### About this exercise
Extract, in full, the lines below, beginning at the first and ending with the line that contains "23 сентября ушла". Pictures do not belong in the copy.

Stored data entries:
========

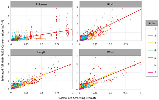 Supplementary Materials are available online at http://www.mdpi.com/1660-4601/16/1/3/s1. The Supplemental Materials provide data on the region so that information within study area can be contextualized. The SM also provides correlations of the four pollutant estimates and detailed comparisons of the Length and Wind screening estimates to the modeled PM2.5 concentrations.
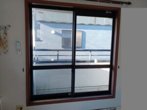LIXILリプラスで交換しています。内側は樹脂なので枠を触っても冷たくありません。外側はアルミなので、樹脂のような色あせがしにくくなっています。特にブラックの窓は樹脂窓にしてしまうと色あせが目立つので弊社ではアルミ樹脂複合窓をおすすめしています。ガラスを断熱性能が高いものにすれば、樹脂窓と断熱性能はほぼ同じになります。
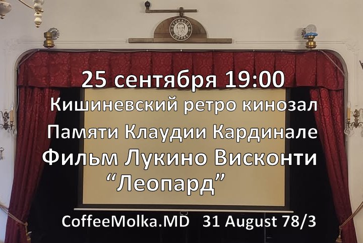 23 сентября ушла из жизни Клаудия Кардинале — звезда и икона стиля фильмов шестидесятых годов и воплощение «итальянской грации», звезда фильмов «Леопард», «Розовая пантера» и «8 ½». В её честь мы решили показать фильм Лукино Висконти «Леопард». Мы возобновили наш, из первой Coffeemolki, проект «Кишинёвский ретро-кинозал».
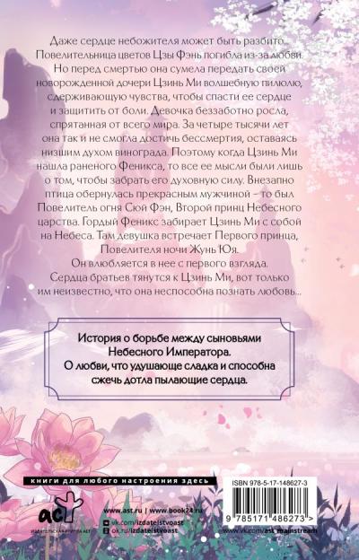 Even the heart of a celestial can be broken..... The flower lord Zi Feng died for love. But before she died, she managed to give her newborn daughter Jin Mi a magic pill that restrains feelings to save her heart and protect her from pain. The girl grew up carefree, hidden from the world. In four thousand years, she had never been able to achieve immortality, remaining an inferior wine-grape spirit. Therefore, when Jin Mi found the wounded Phoenix, all her thoughts were only about taking away its spiritual power. Suddenly, the bird turned into a beautiful man - that was Fire Lord Xu Feng, the Second Prince of the Heavenly Realm. The proud Phoenix takes Jin Mi with him to Heaven. There, the girl meets the First Prince, the Lord of the Night, Rong Yu. He falls in love with her at first sight. The brothers' hearts are drawn to Jin Mi, but they do not know that she is incapable of knowing love....
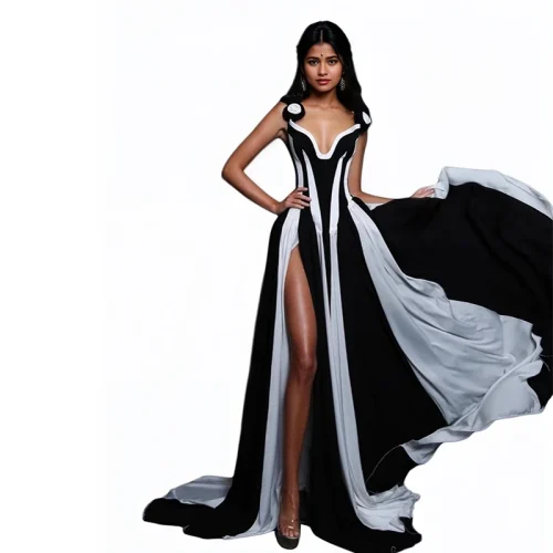 2025 Olaesa New Design Elegant Sleeveless Knitted Chiffon Tulle Patchwork Maxi Dress Black White Hem Sling Dress

========

### Written response
 Supplementary Materials are available online at http://www.mdpi.com/1660-4601/16/1/3/s1. The Supplemental Materials provide data on the region so that information within study area can be contextualized. The SM also provides correlations of the four pollutant estimates and detailed comparisons of the Length and Wind screening estimates to the modeled PM2.5 concentrations.
LIXILリプラスで交換しています。内側は樹脂なので枠を触っても冷たくありません。外側はアルミなので、樹脂のような色あせがしにくくなっています。特にブラックの窓は樹脂窓にしてしまうと色あせが目立つので弊社ではアルミ樹脂複合窓をおすすめしています。ガラスを断熱性能が高いものにすれば、樹脂窓と断熱性能はほぼ同じになります。
 23 сентября ушла из жизни Клаудия Кардинале — звезда и икона стиля фильмов шестидесятых годов и воплощение «итальянской грации», звезда фильмов «Леопард», «Розовая пантера» и «8 ½». В её честь мы решили показать фильм Лукино Висконти «Леопард». Мы возобновили наш, из первой Coffeemolki, проект «Кишинёвский ретро-кинозал».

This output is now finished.